Her eyes narrowed. "What game?"
He waved his hand. "Figure of speech. It's okay that you said no and looking back, maybe it's better that you did. It gave us both time to figure out exactly what we wanted and the people we wanted to be. I loved you before, I loved you when we were apart and I love you now. Some things about us have changed. That has not."
She nodded. "I never told you Cam blamed me, when we came back. Blamed me for breaking up the team," Brennan admitted. "I knew it would upset you, so I didn't tell you." She emptied her glass of wine to wet her suddenly dry throat. "She put into words what I didn't want to say. That I blamed myself."
Hearing him say that her answer outside the Hoover was the right one, or at least definitely not the wrong one, lifted her from a burden she had carried for way too long.
"She did what?" Booth asked darkly. Looked like he'd be having a conversation with Cam the next time he got her alone. How dare she blame Bones for everything that happened?
"She told me I put my own desires ahead of everyone else. That we had a good thing going and I let it fall apart. Maybe it was all my fault."
"Oh, no," he said, angry now. He took her wine glass from her and placed it on a low table next to his. Then moved close enough to grab her chin and turn her face toward him. "Nothing," he said sharply, "that happened between us or the team was your fault. We both share what happened that night. And there is no one at fault for anything. No one to blame. Life is messy and sometimes things don't work out the way we think they will."
"I said no," she reminded him, as if he'd ever forget that night.
"You weren't ready." He accepted that now.

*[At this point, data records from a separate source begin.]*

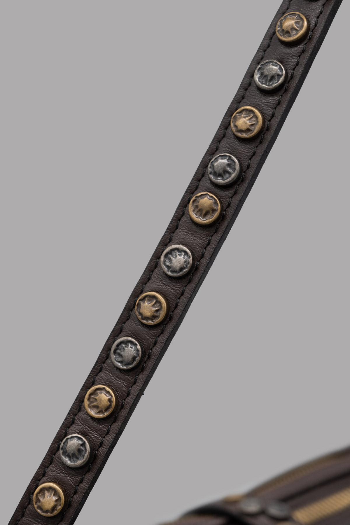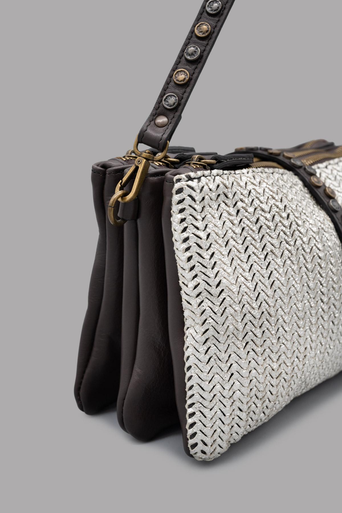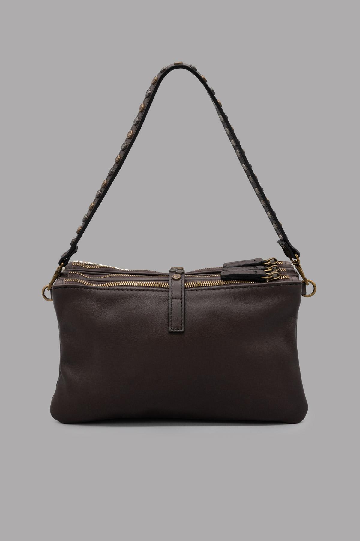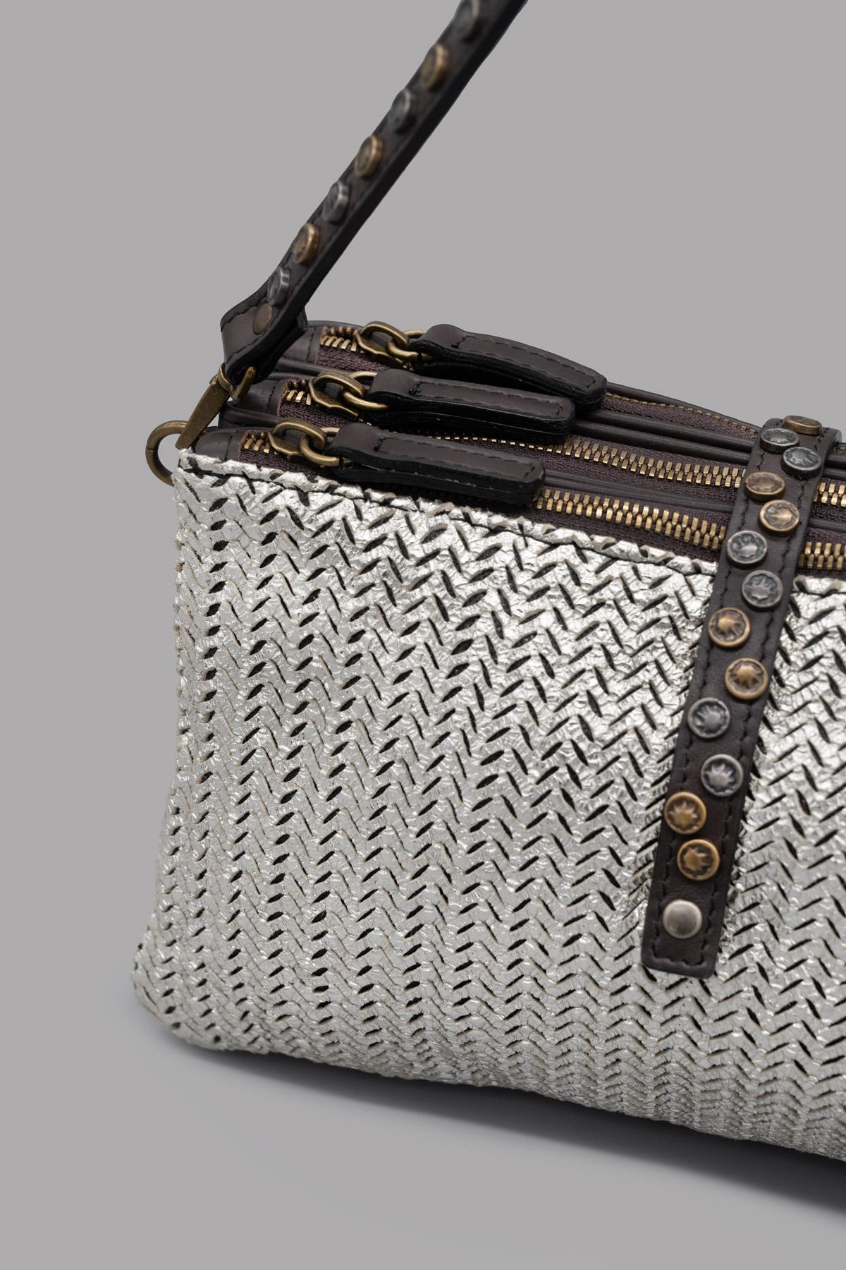 Laser-cut leather shoulder bag, painted gold. Three compartments with zip closure. Strap and handle with studs. Adjustable shoulder strap.
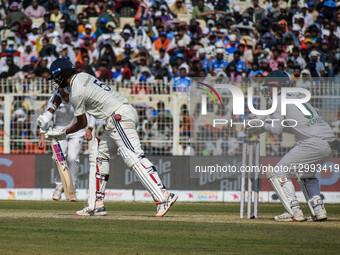 Ravindra Jadeja hits a four during the first innings play by India on day 2 of the India vs South Africa test match at Eden Garden Cricket Ground in Kolkata, India, on November 15, 2025.
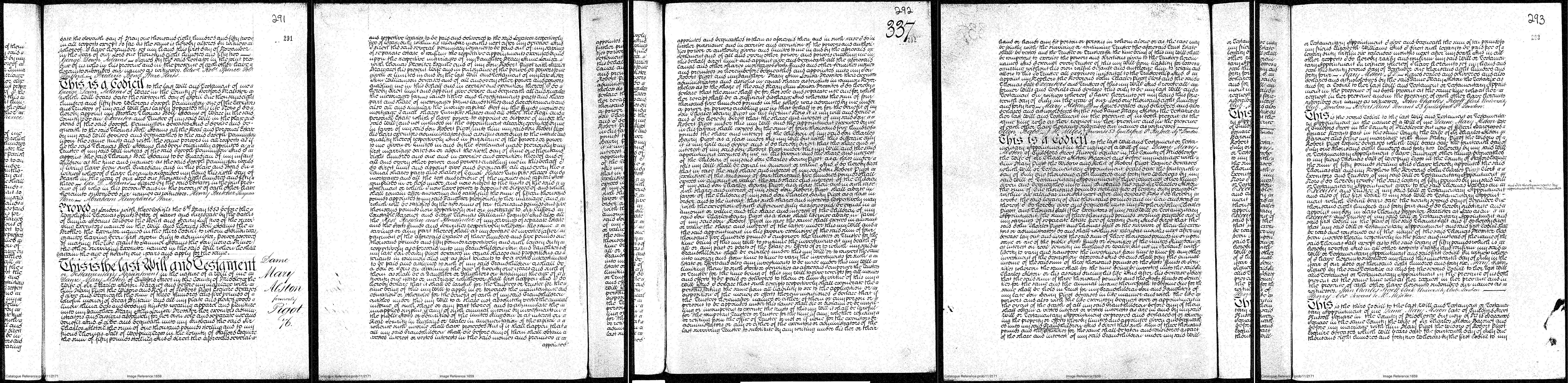 2. Dame Mary Alston: Will, 1853.
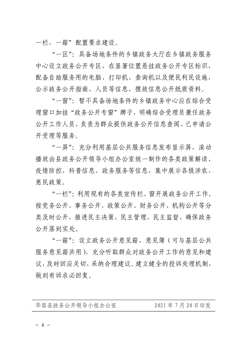 关于印发《华容县2021年政务公开专区建设实施方案》的通知华公开办发〔2021〕 4 号

Accepted that they'd simply been on different timelines. His path had crossed hers briefly for a time, but they hadn't lined up. Until now. "Cam was going to lose her team and none of it was your fault. Angela and Hodgins were going. It wouldn't have mattered if you'd stayed and just taken a break. If you aren't out there, neither am I. And I cannot, I will not, do this job without you. Not since the day you blackmailed me to be my partner," he reminded her. "Best day of my life, even if I didn't know it then."
The night after his agents were shot proved that to him. The support she gave just by being there, made the terrible survivable. He wouldn't come out of this job unscathed if she wasn't there to catch him when it all became too much. "There is too much bad in the world and you remind me of the good." He ran a thumb across her lips, then leaned and kissed the skin he'd just touched.
"I ran, Booth," she said sadly. Maybe she should have stayed. But knowing he still loved her, when she wasn't ready for that, hadn't been something she could deal with.
He bumped his forehead against hers. "So did I." Because no matter how much he tried, or who he dated, he'd never gotten over her. Afghanistan served the same purpose for him as Maluku had for her. "Are you running now? 'Cause I'm not going anywhere."
Her head rolled against his when she shook it in denial. "I told you I was done with that."
Lowering his head slightly, he kissed her again. Long and slow with just a hint of the hunger he was barely controlling. Then, he took a chance and let go. Let emotions and desire flow between them until they were both pulling back to gasp for breath.
There was desire in her eyes when she reached up and trailed fingers along his cheek. "You remind me of good things too," she said.
Maybe it wasn't the perfect night. But bathed beneath the lights of the tree, Booth knew it was finally their moment. "Stay the night with me?" he asked. "We won't have all the time I wanted, but I don't want to waste anymore of it either."
She'd been wrong. They hadn't missed their moment. It was right here. Right now. Stretching out to the infinity still in front of them. "I'll stay."
With the sound of jazz softly playing and the lights of the tree glowing festively, he took her hand and led her to bed.